Unlike mainstream pop/rap/etc that all sounds the same, and is all boring, all these new djent bands bring other influences to the genre. Synthesized/glitch drums have been introduced (AAL, Periphery), more effects, Ambience (Vildhjarta, FellSilent, Periphery, TesseracT), clean vocals/vocal diversity, the list goes on - it's not all meshuggah rip offs. It's grown from the seed that Meshuggah planted. and really, can we complain that this music all sounds the same? while it has some very concrete, repeating elements (polymetrics, ambience, whatever you identify as boring in the genre'), this genre is very creative, especially when compared to:
Mainstream music (Legit boring: same crappy lyrics, boring beatz, everything)
Slayer

I'd say every band (and genre) has repetative elements if you look for them, whether it be catchy pop choruses in ever song, breakdowns, you name it, you can pick out boring/repetative elements in any genre.

All I'm saying is djent doesn't deserve to be as heavily criticized as it is.


----------



## shogunate

^Playing the other side from the fun of it, anything that becomes cool will immediately have it's own following of detractors, just as in the way you were referring to pop/rap/mainstream  

I don't hold anything against djent music whatsoever, it's just GENERALLY not my cup o tea... I definitely recognize all the great musicianship, but when everyone is innovative and talented in a genre, it's harder to stand out. I'm not a djent hater by any means man 

I love it when I overhear random kids "Tool is so great, they are such musicians, and they use weird timings.... Like 3/4 and stuff" (totally paraphrasing and just using Tool as my example for a whipping boy ) and then there's Meshuggah who do shit like 17/24 beats and insane shit 

Anything that is cool and original WILL gain popularity. Anything that gains popularity WILL have it's criticizers. I take no side on the to djent or not to djent issue, but am amused by the detractors and proponents alike  Rawk on to all. 

Anyway, way off topic and no animosity intended  Where is this album already?!?


----------



## seanstephensen

shogunate said:


> ^Playing the other side from the fun of it, anything that becomes cool will immediately have it's own following of detractors, just as in the way you were referring to pop/rap/mainstream
> 
> I don't hold anything against djent music whatsoever, it's just GENERALLY not my cup o tea... I definitely recognize all the great musicianship, but when everyone is innovative and talented in a genre, it's harder to stand out. I'm not a djent hater by any means man
> 
> I love it when I overhear random kids "Tool is so great, they are such musicians, and they use weird timings.... Like 3/4 and stuff" (totally paraphrasing and just using Tool as my example for a whipping boy ) and then there's Meshuggah who do shit like 17/24 beats and insane shit
> 
> Anything that is cool and original WILL gain popularity. Anything that gains popularity WILL have it's criticizers. I take no side on the to djent or not to djent issue, but am amused by the detractors and proponents alike  Rawk on to all.
> 
> Anyway, way off topic and no animosity intended  Where is this album already?!?

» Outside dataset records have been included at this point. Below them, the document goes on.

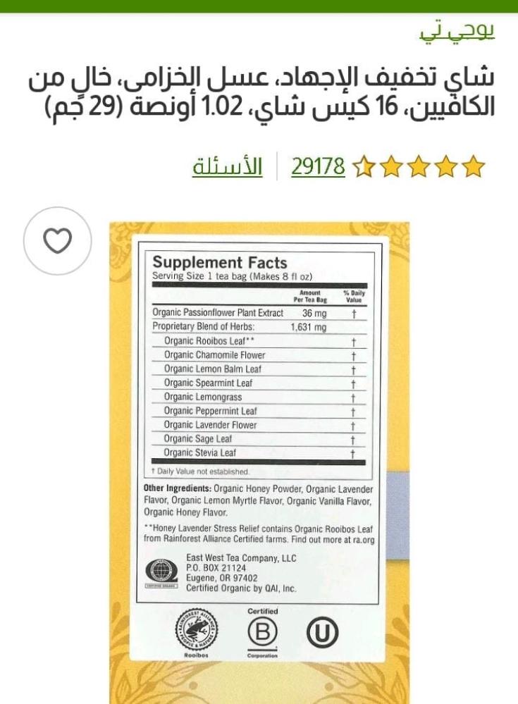 شاي تخفيف الإجهاد والعسل الخزامي عضوي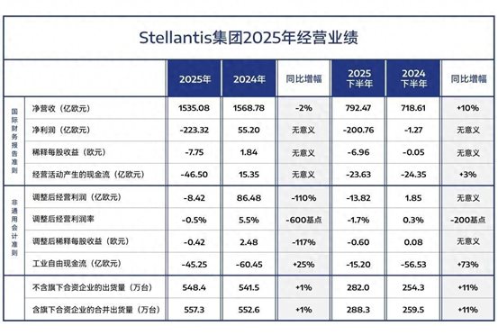 根据Stellantis集团2025年财报,该年度集团净亏损223.32亿欧元,根据汇率,折合成人民币约1806亿元,对于集团亏损的原因,Stellantis集团首席执行官安东尼奥·菲洛萨坦言,集团高估了新能源转型速度,需要以客户需求为中心来重新调整业务,而正是因为业务进行调整,导致Stellantis集团在2025年下半年产生了约222亿欧元的费用,其中大约65亿欧元现金将在未来四年内完成支付。
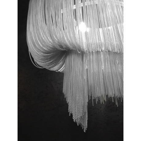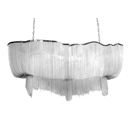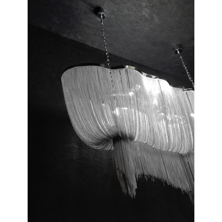 Atlanta Long to niezwykła lampa wisząca, inspirowana projektem Terzani Atlantis posiada nieregularne kształty, niczym fale oceanu. Została wykonana z aluminium i stalowych, drobnych łańcuchów, dzięk

haha yea, tool and meshuggah are both extremely interesting, and innovative, but in completely different ways. 

AND THE ALBUM BETTER BE SOON


----------



## shogunate

^Fuckin a 

May have been answered and I'm just a curious little fuckstick, anyone know what guitar/pups/amps they use? The fucking guitars are so bright... supernova in your face bright. Seriously  Sounds like BKP Painkillers in an all maple guitar with stainless steel strings  Anyone know?


----------



## Andrew Muffins

Yo dudes, I've been working out "Deceit", and I've got up to 1:21 DOWN. Definitely my favorite on the album. Going to guitar pro it when I'm done, which should be pretty soon since it starts to repeat shortly after where I stopped (kind of, lol). Vildhjarta RULES.


----------



## Wookieslayer

shogunate said:


> ^Fuckin a
> 
> May have been answered and I'm just a curious little fuckstick, anyone know what guitar/pups/amps they use? The fucking guitars are so bright... supernova in your face bright. Seriously  Sounds like BKP Painkillers in an all maple guitar with stainless steel strings  Anyone know?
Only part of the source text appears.